Usually I’d be trying to squeeze a trite, positive-yet-extremely-tenuous-and-tangential, point from my experience but sometimes it’s all too much and all you can do is hunker down and wait for the storm to pass.
Regular readers will know about the rollercoaster year of tension at SEN, deciding to start afresh and the tragedies of personal meltdowns and deaths of friends and family. Throw in life happening to me and you’ve got a heady cocktail of a lot of badness punctuated with hope and the occasional glimmer of joy.
A real standout was my birthday – I got mega stressed out with the lead up to it, and the ‘big number’ horror, but it was an absolute joy with friends and family making it an absolute blast.

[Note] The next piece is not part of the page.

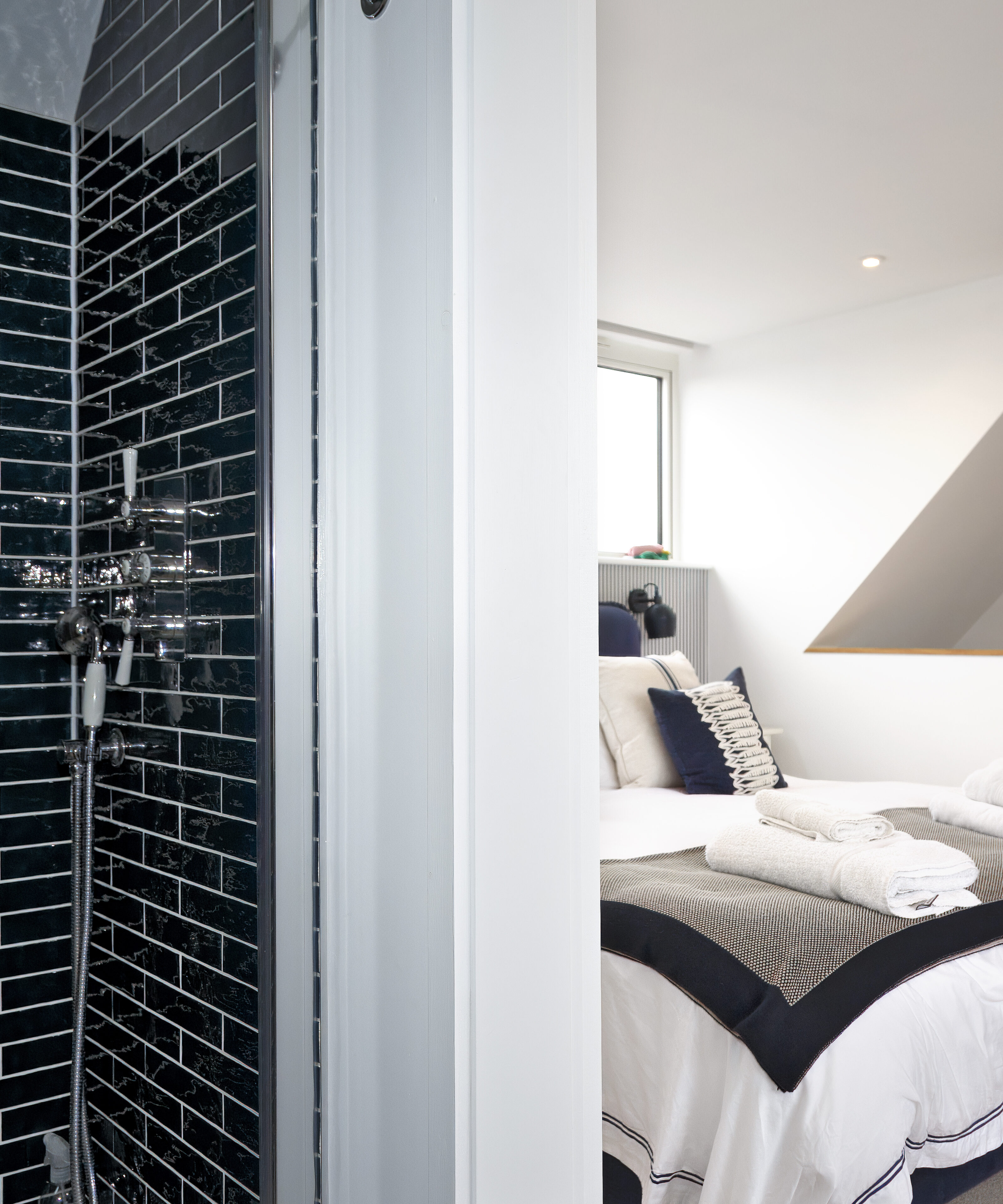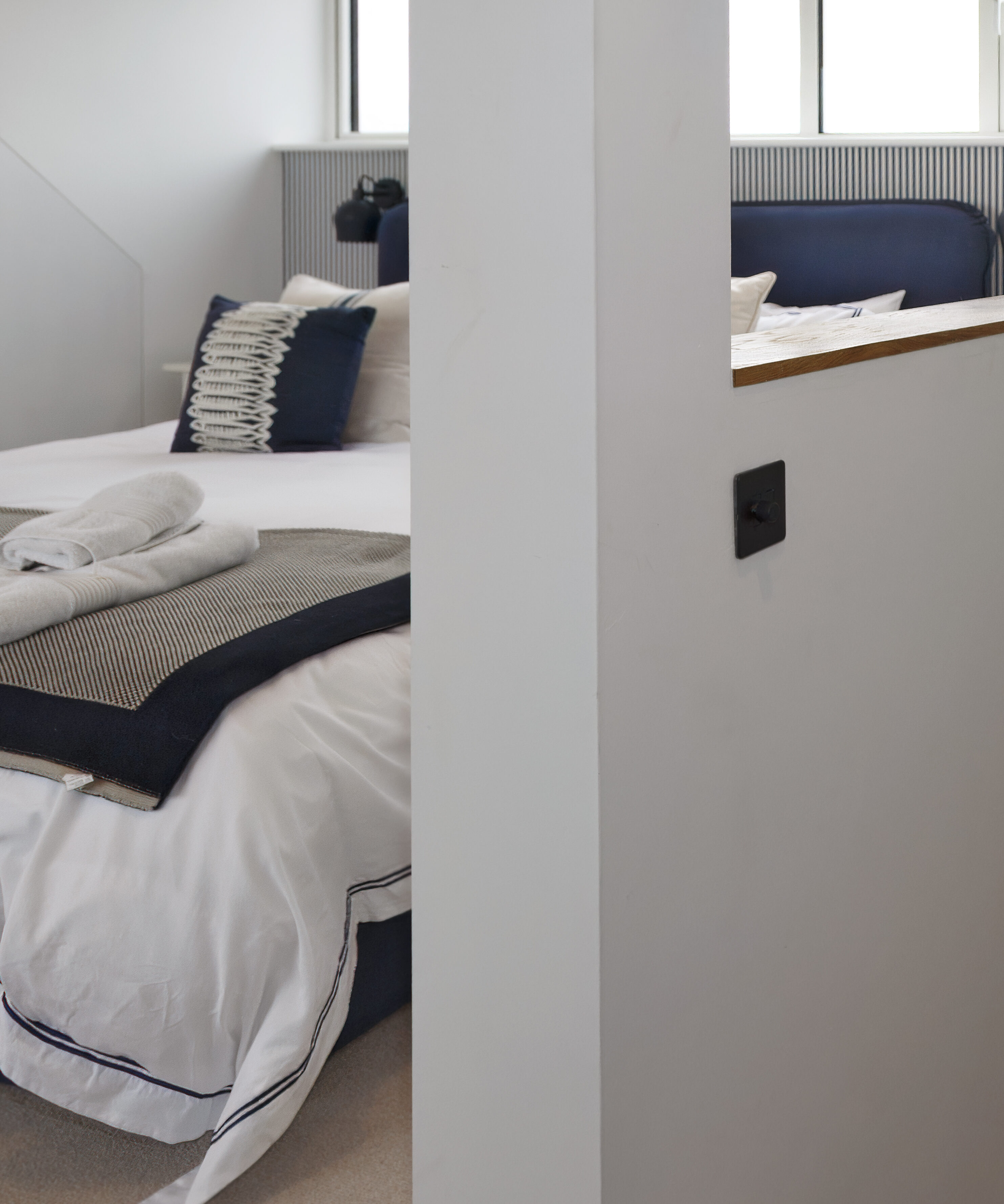 With a restricted plot and excellent views from the top, a small pair of single-storey flanking extensions provide additional family living spaces to the rear at ground level while generous new dormer windows front and back celebrate the coastal views and create a bright and airy new loft-level master suite added to the existing accommodation on two levels. Targeted internal structural alterations allow daylight into the heart of the home and enable a more flexible and contemporary layout.

Thanks again to those that made it happen.
But this week it’s the grindstone of getting on with ‘stuff’. I hate when there are definite things to be done to deadline with the overlie of MOTHER coming to stay for a while, which depends on what happens when, and the involvement of third parties which is completely out of control.
Surely it’s time for a bit of joy?
My siblings turned up last night bearing curry so I raided my store of wine. And what does wine like? MORE wine! Fun at the time but not in the morning.
Christmas could go either way and new year will be especially poignant with the definite absence of people who were at the last one.
For now I’m going to hide behind my rock with my hard hat on and hope that there isn’t another direct hit.